■ **Assignment**: Pictures do not belong in your copy. Repeat all the other data exactly.

■ **Stored dataset items**:
# # #

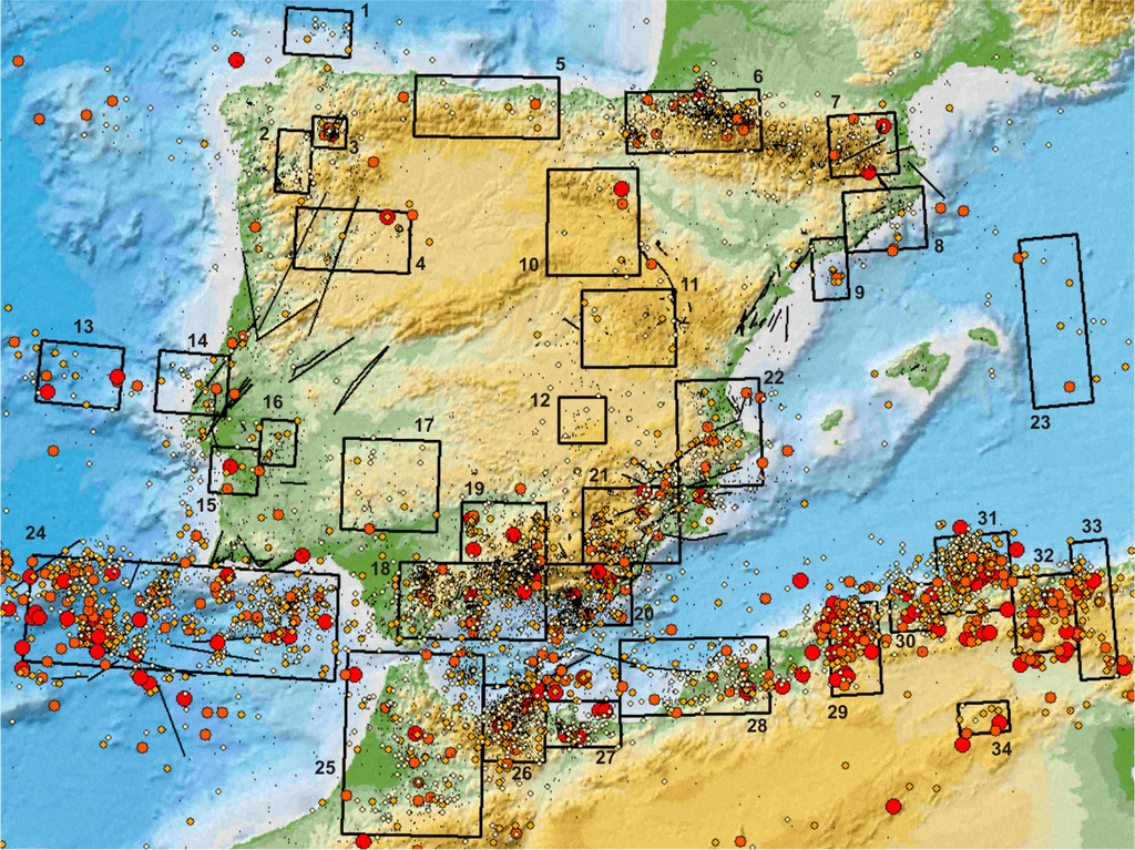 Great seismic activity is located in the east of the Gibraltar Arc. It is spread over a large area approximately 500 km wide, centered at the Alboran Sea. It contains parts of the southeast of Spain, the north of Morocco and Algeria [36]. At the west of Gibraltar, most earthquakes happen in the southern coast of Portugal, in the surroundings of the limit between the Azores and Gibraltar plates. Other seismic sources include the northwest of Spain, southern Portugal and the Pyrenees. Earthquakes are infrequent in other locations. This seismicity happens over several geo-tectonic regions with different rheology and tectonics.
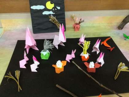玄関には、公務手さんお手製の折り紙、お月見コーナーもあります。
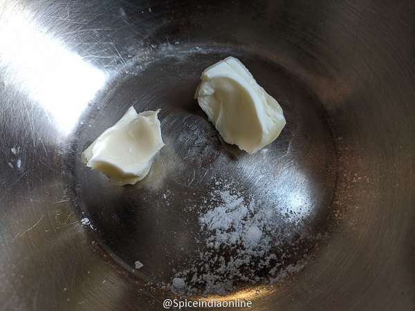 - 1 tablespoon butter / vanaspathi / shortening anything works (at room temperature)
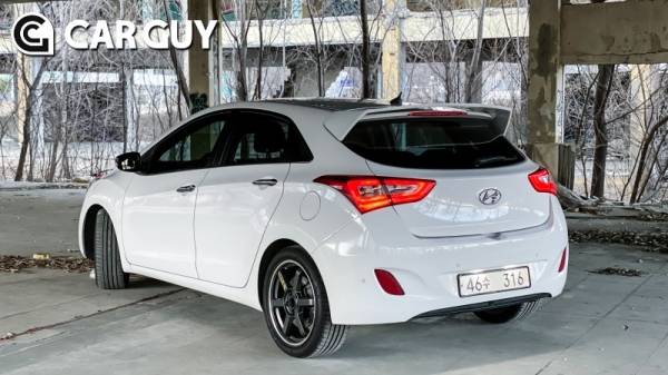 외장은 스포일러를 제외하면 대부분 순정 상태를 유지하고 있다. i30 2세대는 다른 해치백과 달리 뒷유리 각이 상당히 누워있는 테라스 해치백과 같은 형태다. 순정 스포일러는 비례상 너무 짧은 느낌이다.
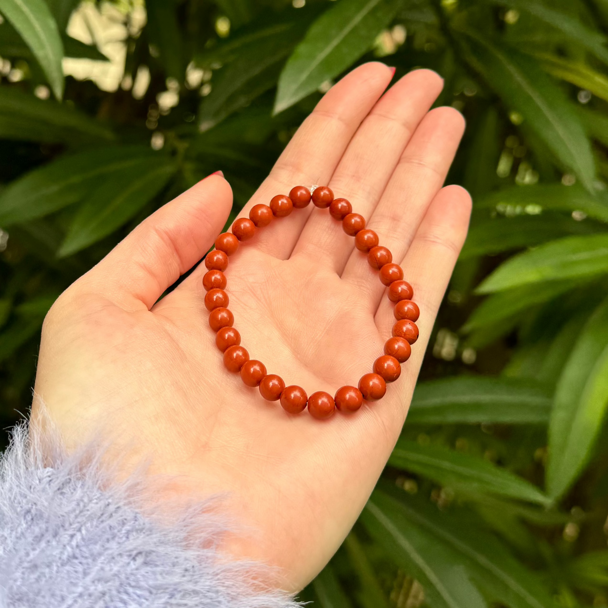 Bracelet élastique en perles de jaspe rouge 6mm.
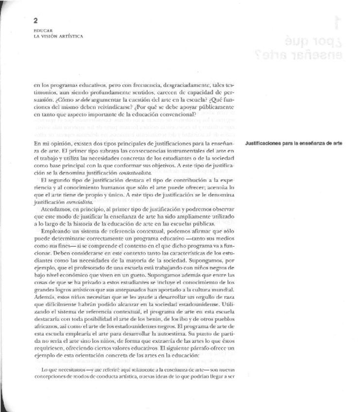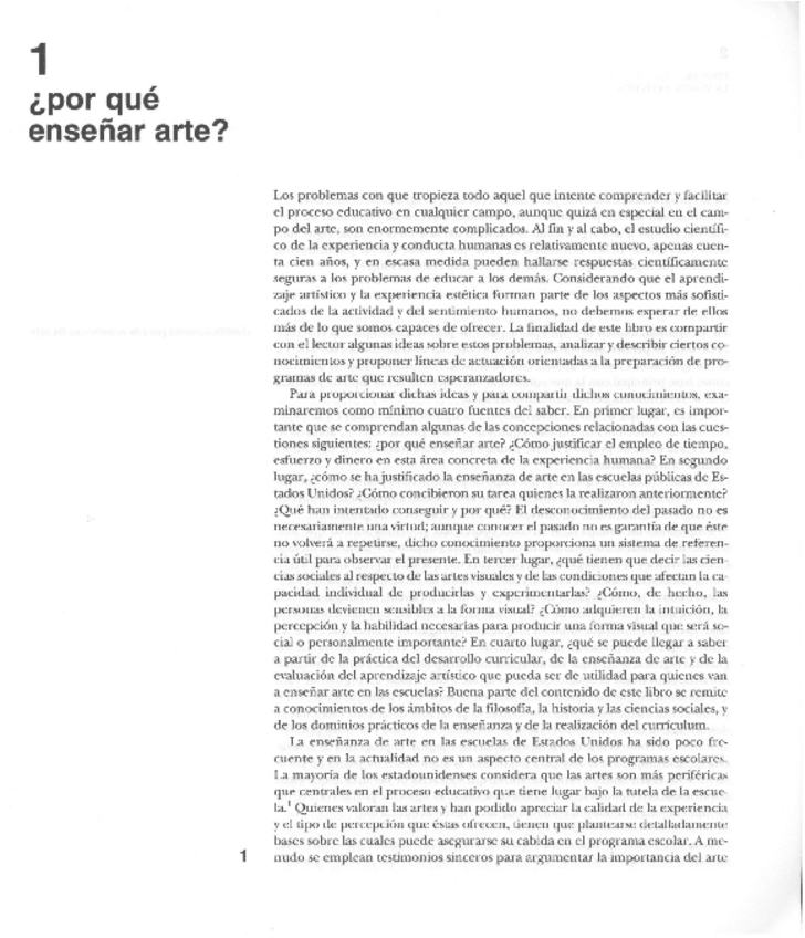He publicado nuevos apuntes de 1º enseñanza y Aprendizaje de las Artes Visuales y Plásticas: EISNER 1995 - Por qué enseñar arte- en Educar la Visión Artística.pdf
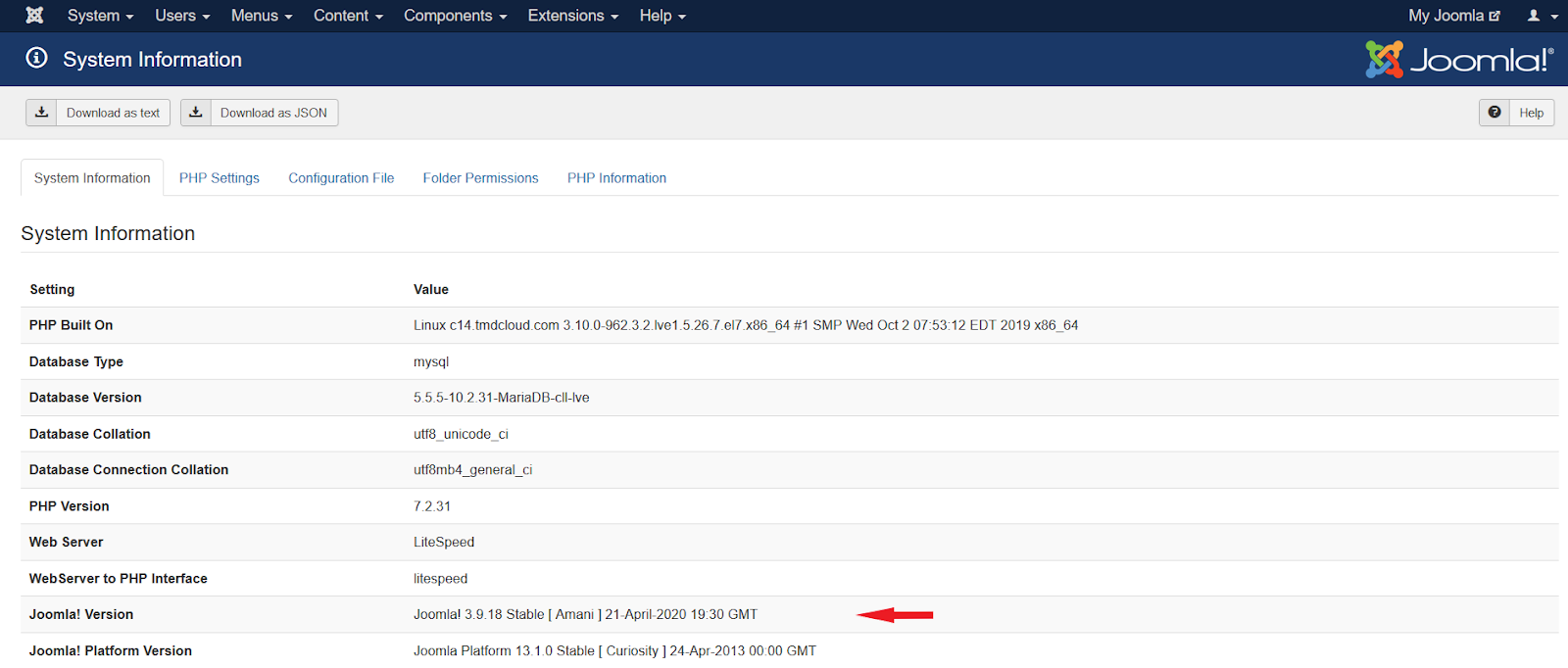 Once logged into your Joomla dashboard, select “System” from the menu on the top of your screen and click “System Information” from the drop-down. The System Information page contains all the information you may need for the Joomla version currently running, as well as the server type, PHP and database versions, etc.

# # #

■ **Output of the exercise**:
 Great seismic activity is located in the east of the Gibraltar Arc. It is spread over a large area approximately 500 km wide, centered at the Alboran Sea. It contains parts of the southeast of Spain, the north of Morocco and Algeria [36]. At the west of Gibraltar, most earthquakes happen in the southern coast of Portugal, in the surroundings of the limit between the Azores and Gibraltar plates. Other seismic sources include the northwest of Spain, southern Portugal and the Pyrenees. Earthquakes are infrequent in other locations. This seismicity happens over several geo-tectonic regions with different rheology and tectonics.
玄関には、公務手さんお手製の折り紙、お月見コーナーもあります。
 - 1 tablespoon butter / vanaspathi / shortening anything works (at room temperature)
 외장은 스포일러를 제외하면 대부분 순정 상태를 유지하고 있다. i30 2세대는 다른 해치백과 달리 뒷유리 각이 상당히 누워있는 테라스 해치백과 같은 형태다. 순정 스포일러는 비례상 너무 짧은 느낌이다.
 Bracelet élastique en perles de jaspe rouge 6mm.
He publicado nuevos apuntes de 1º enseñanza y Aprendizaje de las Artes Visuales y Plásticas: EISNER 1995 - Por qué enseñar arte- en Educar la Visión Artística.pdf
 Once logged into your Joomla dashboard, select “System” from the menu on the top of your screen and click “System Information” from the drop-down. The System Information page contains all the information you may need for the Joomla version currently running, as well as the server type, PHP and database versions, etc.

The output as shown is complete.